**Records contained in a dataset**
==========

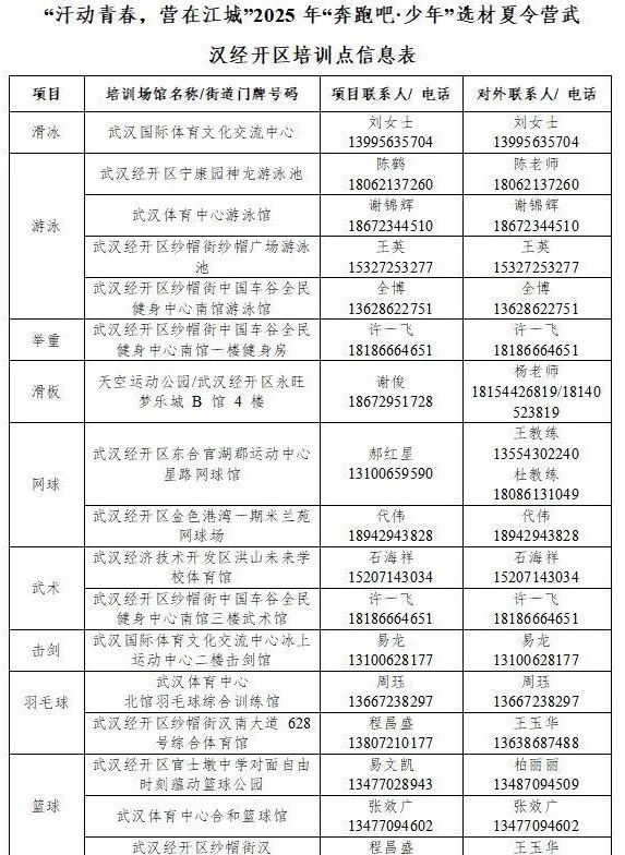 武汉经开区文旅局相关负责人介绍,选材夏令营技能培训活动在暑期面向全市6岁至12岁学生开展体育运动技能培训。活动分为为全市适龄学生提供技能培训、组织专项选材测试、组织开展市级优苗训练营三个阶段进行。
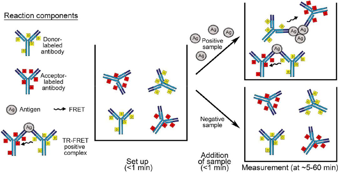 如果没有清洗步骤,检测过程要缩短一大半时间。但是清洗可以提高特异性,消除Hook效应。真是让人又爱又恨。即想要他的好,又不想他占用时间,最好召之即来,挥之即去。 行吗?有吗?可以吗?来,看一看 No Wash的免疫检测! 新闻 Finnish Researchers Leveraging Fluorescence to Develop Fast, High-Volume SARS-CoV-2 Antigen Test 芬兰研究人员利用荧光开发快速、高通量 SARS-CoV-2 抗原测试赫尔辛基大学的研究人员正在开发一项技术,可以使用一台计算机大小的仪器在一小时内测试多达 500 个样本。 该小组已经验证了这种抗原测试,该测试利用时间分辨荧光共振能量转移( time-resolved fluorescence resonance energy transfer, TR-FRET),涉及两个光敏分子或荧光团之间的能量转移。 当荧光团非常接近时,在相距约 1 到 5 纳米的时候,它们之间会发生能量转移 。荧光共振能量转移也称为福斯特共振能量转移。由此产生的 TR-FRET 信号变化可以通过测定进行测量。该测试系统使用紫外光进行荧光激发,并在时间延迟后测量发射信号,去除样品中生物物质的背景噪声。 赫尔辛基大学的 TR-FRET 检测使用供体和受体标记的多克隆兔抗体,这些抗体可以与 SARS-CoV-2 核蛋白和刺突蛋白结合。当样本呈阳性时,标记了供体荧光团的多克隆抗体会靠近标记了受体荧光团的多克隆抗体,两种版本的抗体都与样本中的 SARS-CoV-2 核蛋白或刺突蛋白结合。 灵敏度:97.4% (37/38) ,参照PCR 特异性:100% (10/10) ,参照PCR 如果可以开发出 SARS-CoV-2 商业测试并将其推向市场,则可以以 5,000 美元或更低的价格提供实验室仪器,“试剂成本将在每次反应 10 美分的范围内。” 原理 当供体和受体的荧光团接近时,荧光共振发生,受激供体将能量转移给受体,然后受体发出波长不同的光子。供体和受体越接近,能量转移越频繁,通常在15 ~ 60 Å的距离可达到50%的效率。 点评: 只要两个抗体靠的足够近,荧光共振能量传递就会发生,紫外光源激发供体,供体把能量传递给受体,受体发射荧光。 这个方法的一个关键点就是相距约 1 到 5 纳米,如果抗原比较大,然后抗原表位分得比较开,就不好用了。 标记镧系元素的说明 We labeled the affinity-purified antibodies, at 250 μg/reaction, with the donor (europium [Eu]) and acceptor (Alexa Fluor 647 [AF647]) using a QuickAllAssay Eu-chelated protein labeling kit (BN Products and Services Oy) and Alexa Fluor 647 NHS (N-hydroxysuccinimide) ester (Thermo Scientific) according to the manufacturer’s instructions. A disposable PD-10 desalting column with Sephadex G-25 resin (Cytiva) served to remove nonreacted fluorophores, and an Amicon Ultra 0.5-ml 50-kDa-NMWL centrifugal filter (Millipore/Merck) was used for concentrating the labeled antibodies, which were then stored aliquoted at −80°C until use. PDF论文:用于抗原检测的通用、可扩展和快速时间分辨 Förster 共振能量转移测定法——SARS-CoV-2 https://journals.asm.org/doi/full/10.1128/mBio.00902-21 |
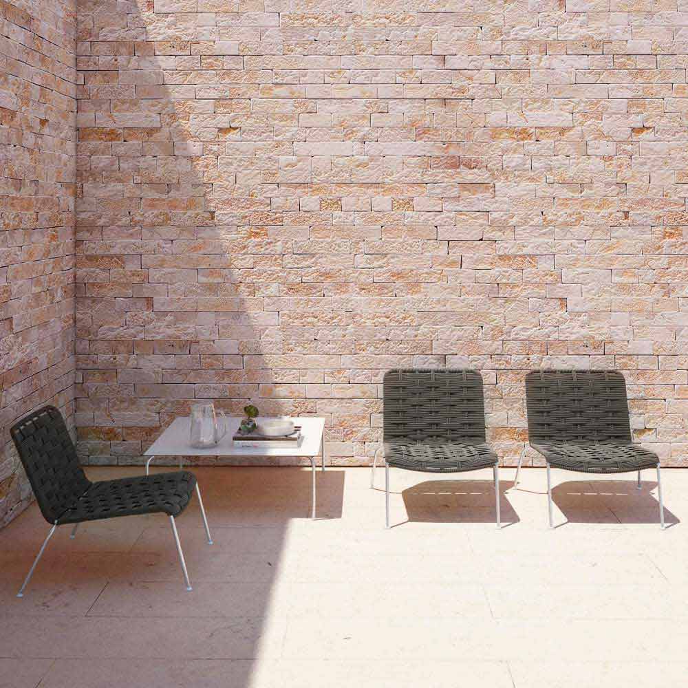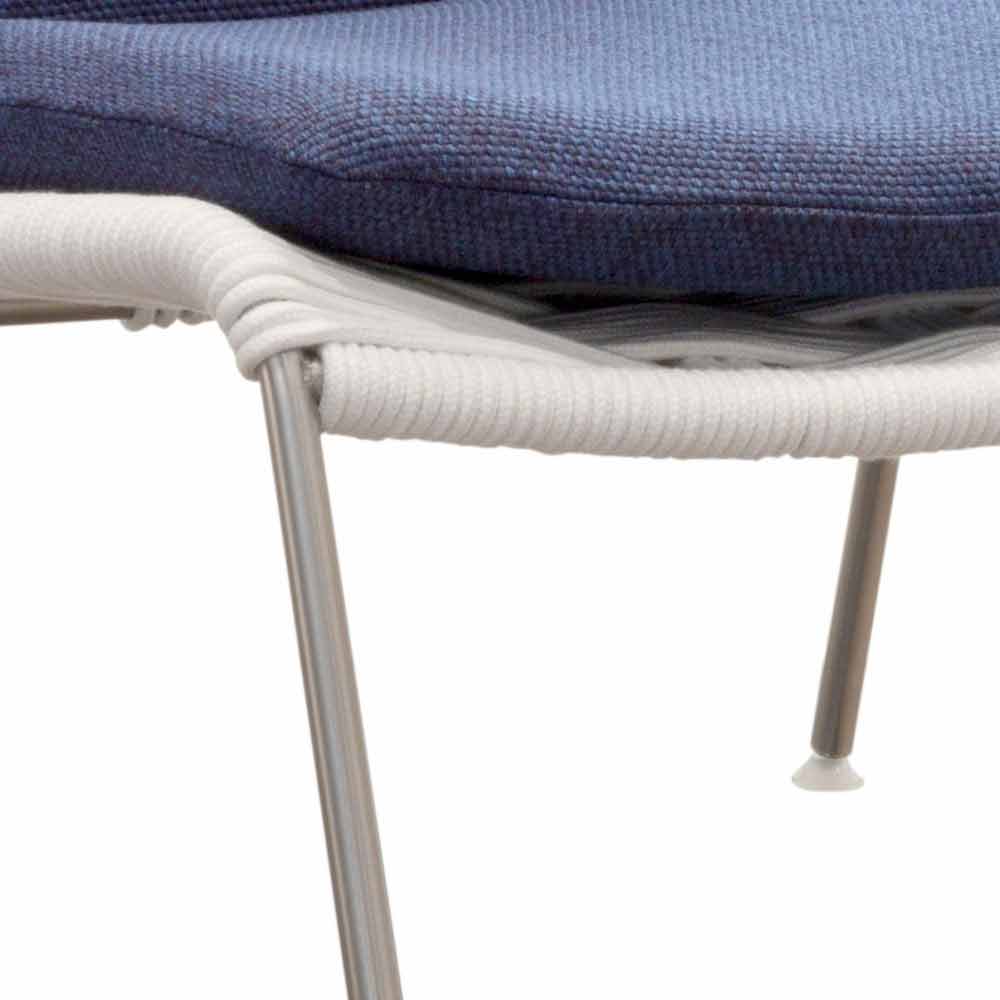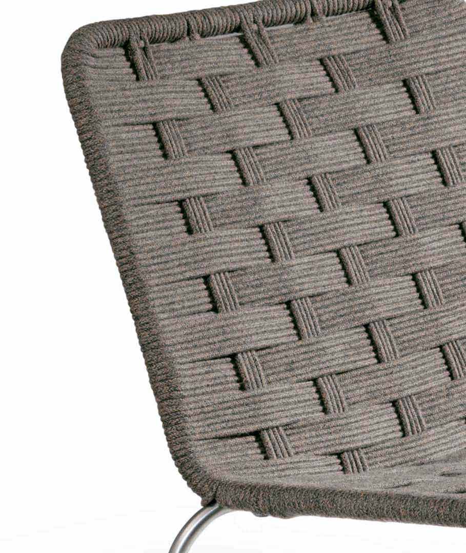 It is a small armchair with a satin stainless steel structure. Seat and backrest woven in acrylic cord with the possibility of choosing between colors:
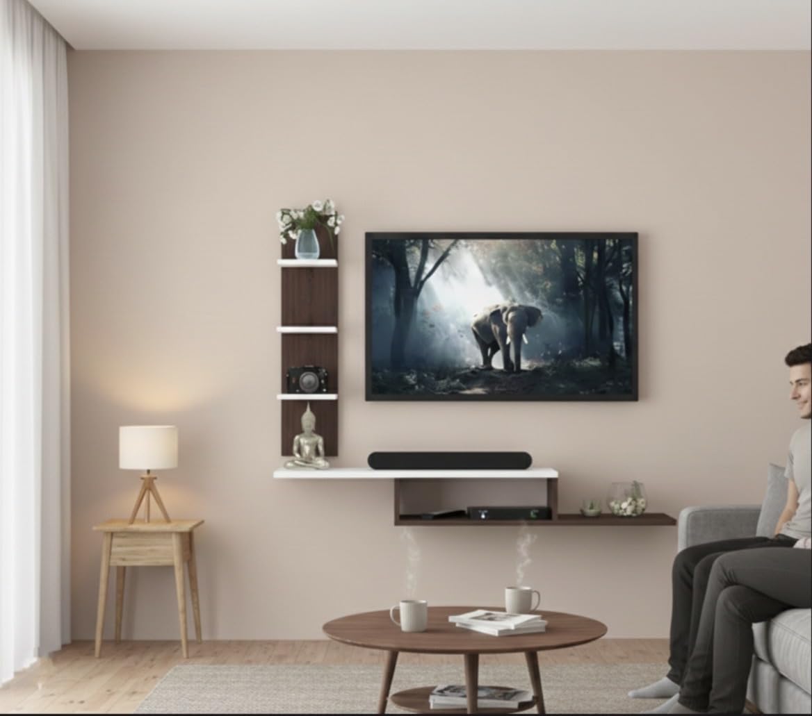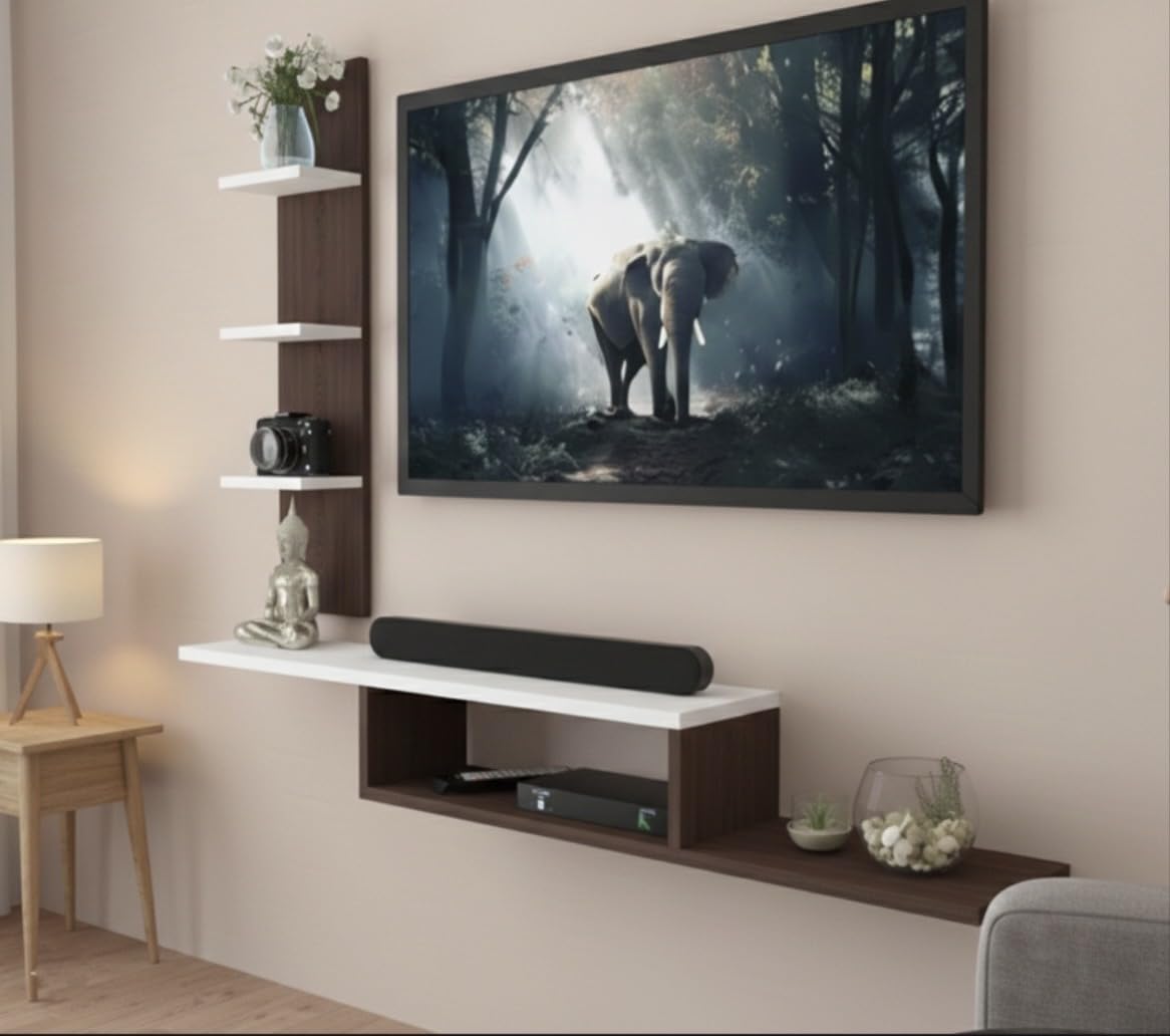 Upgrade your living space with the Bros Moon Wenge White Premium Engineered Wood Floating TV Unit, designed for modern and compact homes. This wall-mounted TV unit best supports TVs up to 32 inches and offers a sleek floating design that saves floor space. It includes a spacious open base drawer for set-top boxes and accessories, three open storage shelves for décor, speakers, or books, and a decorative display shelf for styling. Made from durable engineered wood, this living room TV unit ensures strength, stability, and long-lasting use. Perfect for contemporary interiors, it combines functionality, storage, and elegant design.
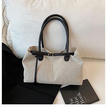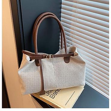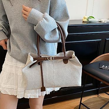 - Материал: фактурный бежевый текстиль; отделка, ручки и ремешок — гладкая экокожа.
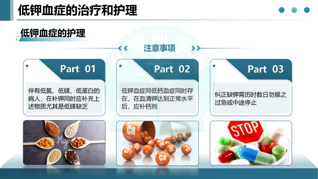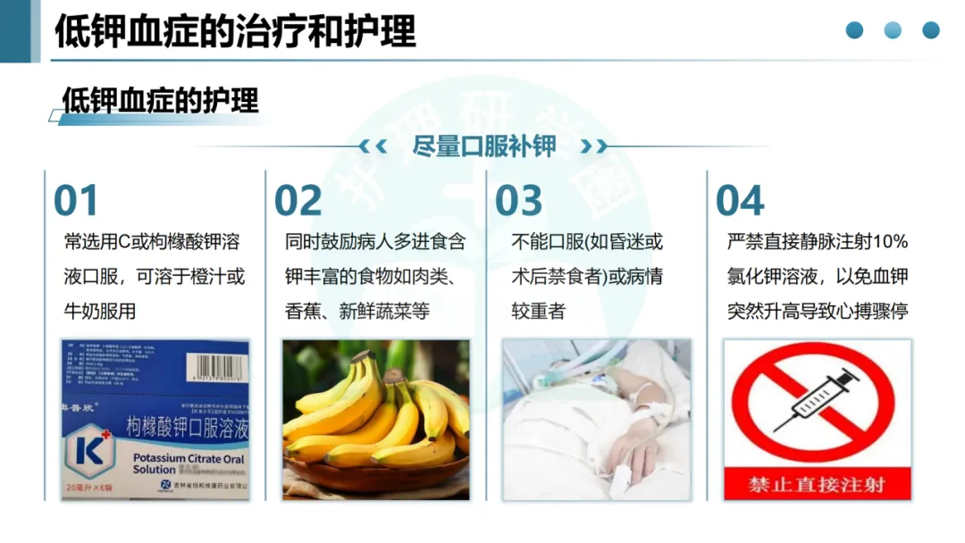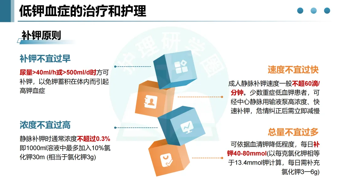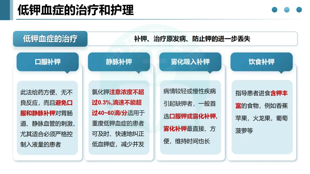 治疗原则:补钾、治疗原发病、防止钾进一步丢失。
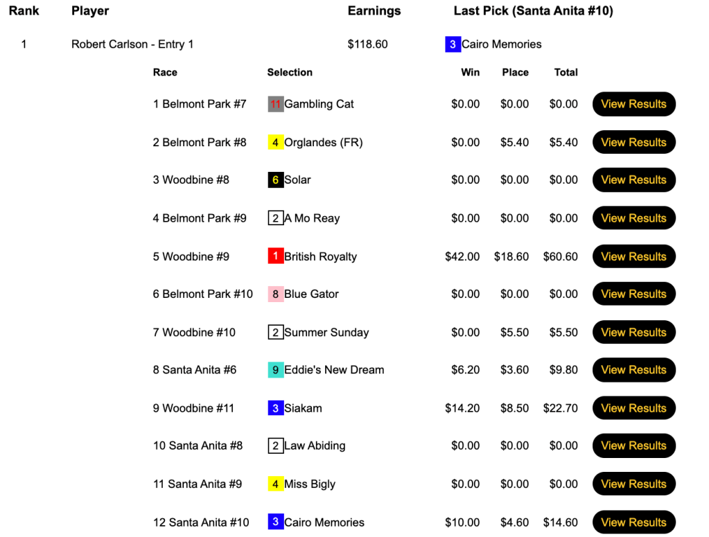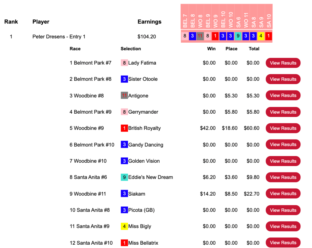 Addley had 5 firsts and 1 second, highlighted by British Royalty ($51.20, $18.60) in the 8th at Woodbine. His return was $10,561 in a game ultimately worth a total of $23,470.
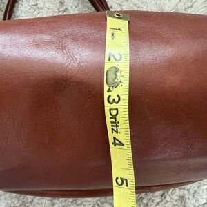 In very good condition. Shape has relaxed and leather has a distressed look especially on backside but it fits the look of the bag. A few minor marks in interior and some minor wear to corners of bag. Has magnetic closure and detachable mirror.
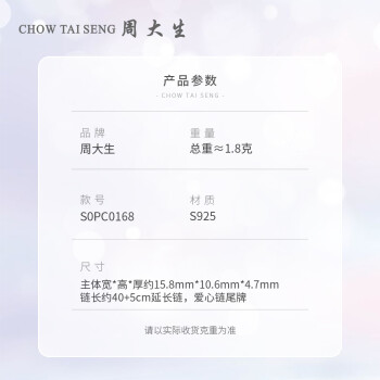 此款产品为CHOW TAI SENG 周大生 女士S925银蝴蝶结项链 S0PC0168,蝴蝶结项链女锁骨链吊坠,ins小众S925银饰首饰~佩戴舒适,不易过敏,小首饰中的翘楚。
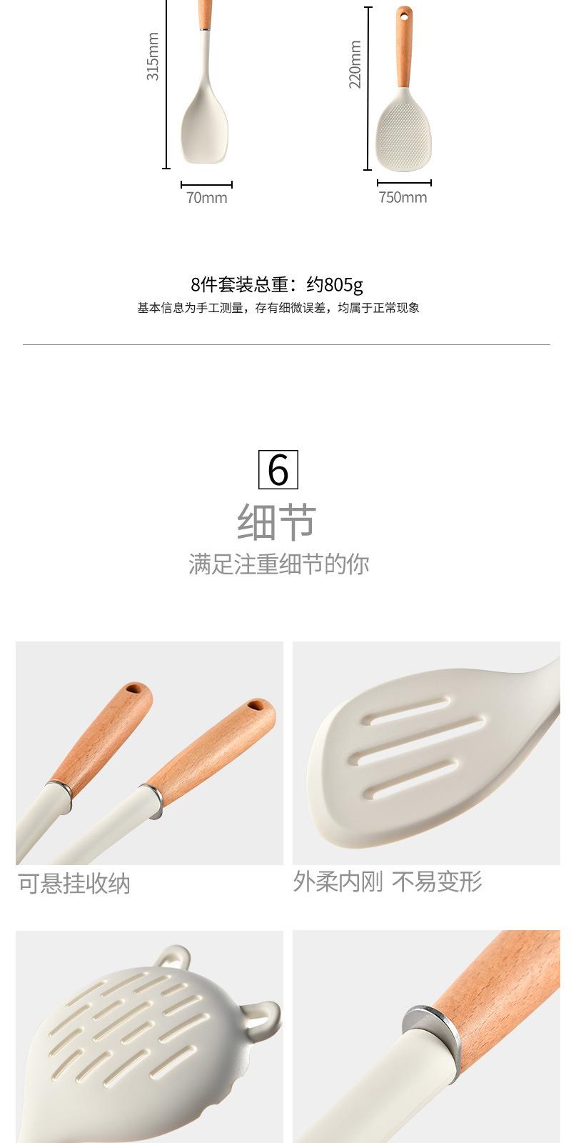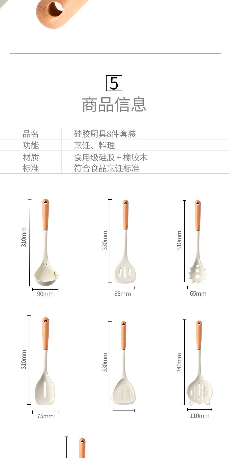 Espátula 121g, Cucharón 117g, Espumadera Grande 114g, Espátula Ranurada 95g

==========

**Try it**
Without any picture, return exactly the lines of the records above from the first through the line that contains "行吗?有吗?可以吗?来,看一看 No Wash的免疫检测!".

**Solved exercise**
 武汉经开区文旅局相关负责人介绍,选材夏令营技能培训活动在暑期面向全市6岁至12岁学生开展体育运动技能培训。活动分为为全市适龄学生提供技能培训、组织专项选材测试、组织开展市级优苗训练营三个阶段进行。
 如果没有清洗步骤,检测过程要缩短一大半时间。但是清洗可以提高特异性,消除Hook效应。真是让人又爱又恨。即想要他的好,又不想他占用时间,最好召之即来,挥之即去。 行吗?有吗?可以吗?来,看一看 No Wash的免疫检测! 新闻 Finnish Researchers Leveraging Fluorescence to Develop Fast, High-Volume SARS-CoV-2 Antigen Test 芬兰研究人员利用荧光开发快速、高通量 SARS-CoV-2 抗原测试赫尔辛基大学的研究人员正在开发一项技术,可以使用一台计算机大小的仪器在一小时内测试多达 500 个样本。 该小组已经验证了这种抗原测试,该测试利用时间分辨荧光共振能量转移( time-resolved fluorescence resonance energy transfer, TR-FRET),涉及两个光敏分子或荧光团之间的能量转移。 当荧光团非常接近时,在相距约 1 到 5 纳米的时候,它们之间会发生能量转移 。荧光共振能量转移也称为福斯特共振能量转移。由此产生的 TR-FRET 信号变化可以通过测定进行测量。该测试系统使用紫外光进行荧光激发,并在时间延迟后测量发射信号,去除样品中生物物质的背景噪声。 赫尔辛基大学的 TR-FRET 检测使用供体和受体标记的多克隆兔抗体,这些抗体可以与 SARS-CoV-2 核蛋白和刺突蛋白结合。当样本呈阳性时,标记了供体荧光团的多克隆抗体会靠近标记了受体荧光团的多克隆抗体,两种版本的抗体都与样本中的 SARS-CoV-2 核蛋白或刺突蛋白结合。 灵敏度:97.4% (37/38) ,参照PCR 特异性:100% (10/10) ,参照PCR 如果可以开发出 SARS-CoV-2 商业测试并将其推向市场,则可以以 5,000 美元或更低的价格提供实验室仪器,“试剂成本将在每次反应 10 美分的范围内。” 原理 当供体和受体的荧光团接近时,荧光共振发生,受激供体将能量转移给受体,然后受体发出波长不同的光子。供体和受体越接近,能量转移越频繁,通常在15 ~ 60 Å的距离可达到50%的效率。 点评: 只要两个抗体靠的足够近,荧光共振能量传递就会发生,紫外光源激发供体,供体把能量传递给受体,受体发射荧光。 这个方法的一个关键点就是相距约 1 到 5 纳米,如果抗原比较大,然后抗原表位分得比较开,就不好用了。 标记镧系元素的说明 We labeled the affinity-purified antibodies, at 250 μg/reaction, with the donor (europium [Eu]) and acceptor (Alexa Fluor 647 [AF647]) using a QuickAllAssay Eu-chelated protein labeling kit (BN Products and Services Oy) and Alexa Fluor 647 NHS (N-hydroxysuccinimide) ester (Thermo Scientific) according to the manufacturer’s instructions. A disposable PD-10 desalting column with Sephadex G-25 resin (Cytiva) served to remove nonreacted fluorophores, and an Amicon Ultra 0.5-ml 50-kDa-NMWL centrifugal filter (Millipore/Merck) was used for concentrating the labeled antibodies, which were then stored aliquoted at −80°C until use. PDF论文:用于抗原检测的通用、可扩展和快速时间分辨 Förster 共振能量转移测定法——SARS-CoV-2 https://journals.asm.org/doi/full/10.1128/mBio.00902-21 |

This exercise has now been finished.